Should companies have to pay you to use your personal data?
Andrew Yang, one of the candidates among the large field running to be the Democratic Party’s presidential nominee in 2020, issued a new policy proposal this week that makes the case that digital data should be treated as a property right under law.
He points to the fact that businesses, known and unknown, have access to vast amounts of personal data on Americans. These companies use the data collected to make money while not always paying close enough attention to protecting it. Reputable firms have asked Congress to create better, clearer rules on the collection and use of data.
Mr. Yang argues that the personal data of individuals should be owned by them and not a corporation. He lays out a list of seven rights he believes should be codified into law. These include the right to:
- Be informed as to what data is collected and how it will be used;
- Opt out of data collection or sharing;
- Be told if a website has data on an individual and what that is;
- Be forgotten and to have all data deleted upon request;
- Be informed if ownership of personal data changes hands;
- Be informed of data breaches in a timely manner;
- Download all data in a standardized format that can be ported to another platform.
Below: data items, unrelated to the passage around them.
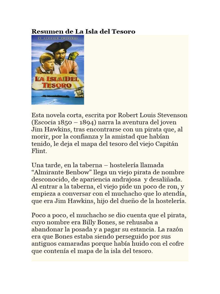 tenido, le deja el mapa del tesoro del viejo Capitán
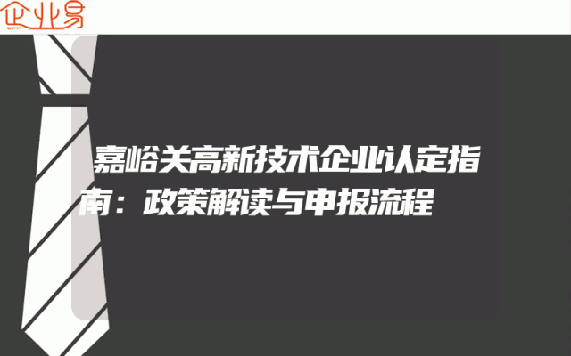 - 嘉峪关高新技术企业认定指南:政策解读与申报流程
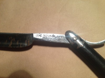 Прошу Вашей помощи в определении возроста и производителя данной бритвы. На хвостике бритвы стоит клеймо: "MOLNAR STEPHAN" "SUBOTICA SZABADKA" Гугл подсказал, что Суботица (SUBOTICA) - это городок на севере Сербии, а SZABADKA - это эквивалент на хорватском языке. Рукоять скорее всего не родная, при открывании бритвы выгибается вовнутрь. Кто нибудь сталкивался с данным клеймом? Спасибо. С уважением.

“Consent should be informed and active,” Mr. Yang writes. “Companies are responsible for ensuring that they collect a positive opt-in from each user before collecting any data, and this opt-in should be accompanied by a clear and easy-to-understand statement about what data is being collected, and how it is going to be used. You can waive these rights and opt in to sharing your data if you wish for the companies’ benefit and your own convenience — but then you should receive a share of the economic value generated from your data.”
DISCUSSION QUESTIONS: Do you agree that an individual’s data is their personal property and should not be used without their consent and compensation? Would you add to, subtract from or otherwise modify any of the seven personal data rights listed by Andrew Yang?